Tunisia's Zine El Abidine Ben Ali and Egypt's Hosni Mubarak fell
without U.S. meddling or force. When Qaddafi falls, no one can credibly
argue that America was the driving force behind these changes.
The
strength of the president's policy is also its weakness. By waiting
weeks, and then only after submitting for United Nations approval,
Qaddafi positioned the Libyan chessboard to his liking. He has placed
human shields so as to maximize civilian casualties and capitalize on
the resulting press. He seized and fortified the town of Ajdabiya and
blitzed Benghazi, provisional capital of the interim government.
An
immediate decapitation strike might have avoided countless civilian
deaths. Now, Qaddafi can play a game of attrition.
No-fly zones are not
bloodless affairs, and are often measured in years rather than months.
Every innocent killed will be daily paraded for cameras. It took the
Arab League less than 24 hours to rescind its support for Operation
Odyssey Dawn. Denunciations will only grow more strident.

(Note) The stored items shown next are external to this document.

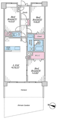 | 間取り | 3LDK + WIC+専用庭 | 方角 | 東 |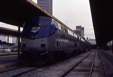 With two trainloads of passengers, as well as early arrivals for the City of New Orleans, you could not hear the station's public address system. Let us say mass confusion abounded! The crew tried to get the sleeping car passengers to board and I used my loud booming voice to assist in getting the message across but they gave up and took tickets and checked identification at the door for only the Sunset Limited. I boarded the 31024 coach, taking Seat 45 for my trip to Los Angeles then detrained to learn the consist, which was P42DCs 82 and 26 again, but new was transition sleeper 39003, diner 38017, lounge 33001 and coaches 31024 and 34057, after which we departed on time.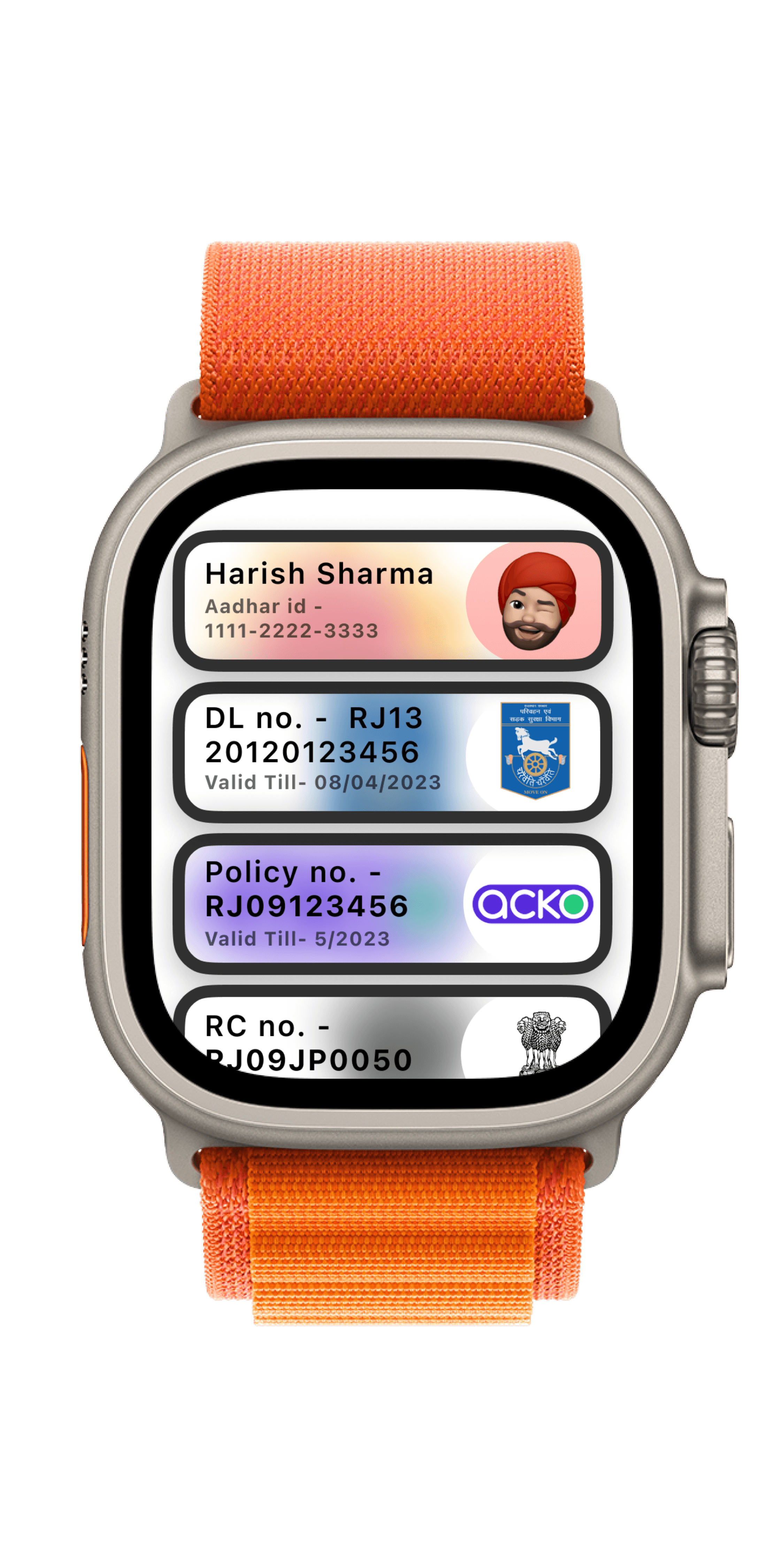 For instance, while traveling on your bike, if a police officer requests document verification, you can utilize the watch feature to access the document QR codes and unique ID. This allows you to easily share the information with the officer for quick verification by scanning the code with their device.

Without
delicate statesmanship, unstable regimes may balance themselves on the
back of careless Western intervention.
In the interim, however,
protesters elsewhere in the Arab world might be emboldened by the
coalition's willingness to prevent atrocity. There is some cleverness in
striking Libya instead of Bahrain or Yemen, and this cleverness does,
in fact, take U.S. interests into account. U.S. Naval Forces Command is
headquartered in Bahrain, and the U.S. Navy's 5th Fleet operates from a
base in Juffair, five miles from the capital city. If the ruling House
of Al Khalifa falls, America will have made no enemies by errant
missiles, and may count on a continued military ally in the region.
Yemen,
meanwhile, is the interesting case where the U.S. is already waging a
secret war. As revealed in the WikiLeaks release of diplomatic cables,
President Saleh is a monster, but he's our monster. In 2009, he told
Deputy National Security Advisor John Brennan, "I have given you an open
door on terrorism, so I am not responsible." As reported
by Dana Priest of the Washington Post, the U.S. Joint Special
Operations Command is kinetic on the ground and in the air in Yemen,
targeting al-Qaeda agents and suspected terrorists. Just as in Bahrain,
the goal is for the Yemeni regime to change around the U.S. footprint,
but not because of it.
Why Libya? Because the struggling
revolutions elsewhere need time, and Libya buys that time. The winds of
change that swept through Tunisia and Egypt have slowed, and need
invigoration. The departure of Moammar Qaddafi and the dawn of a new
Libya will provide it. President Obama has taken a long view of the Arab
Spring. Change will require patience, and patience is now policy.